We note that the number of tICA components used to build the microstate MSM strongly influences the quality of the macrostate model. Whereas clustering using only 2 tICA components (a poor model, as judged by GMRQ score) allowed us to build a 230-macrostate model in which all states are populated by all sequences, using 8 tICA components (the best model according to the GMRQ score) resulted in only 40 such states. In the former, the large number of populated macrostates is an artifact due to the overlap of metastable states when projected to only two tICA dimensions.
Non-native salt-bridges alter the folding kinetics of Fs-peptide variants
The slowest implied timescales for each individual macrostate model were computed using 10-fold cross-validation to account for uncertainty due to finite sampling. The results show that, for all sequences, the slowest relaxation timescale is clearly separated from the rest, indicating apparent two-state folding (Figure 2). We note that macrostate MSM implied timescales are accelerated compared to the implied timescales obtained for microstate MSMs. This is an expected artifact of coarse-graining, which arises because macrostate MSM eigenvectors are poorer discrete-state approximations of the true continuous-space eigenvectors. 54 To examine the severity of this coarse-graining artifact, we compare implied timescales for microstate and macrostate MSMs built from the combined data set (Figure 2, right panel).
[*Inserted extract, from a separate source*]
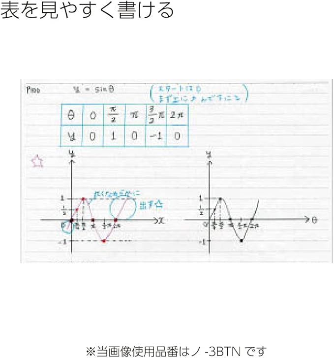 「美しく書く」をサポートするドット入り罫線/罫線上に等間隔に並んだドットを活用することで、ノートを美しく書くことができ、書いた後見返しやすく、効率的に学習することができます。

While macrostate coarse-graining decreases the number of states considerably from 1200 to 40, the slowest implied timescale only decreases from ∼360 ns to ∼240 ns, which is less than a fifth of an order of magnitude. We conclude that coarse-graining artifacts are not very severe. Regardless, each individual macrostate MSM is similarly affected by such coarse-graining artifacts, and thus remain comparable.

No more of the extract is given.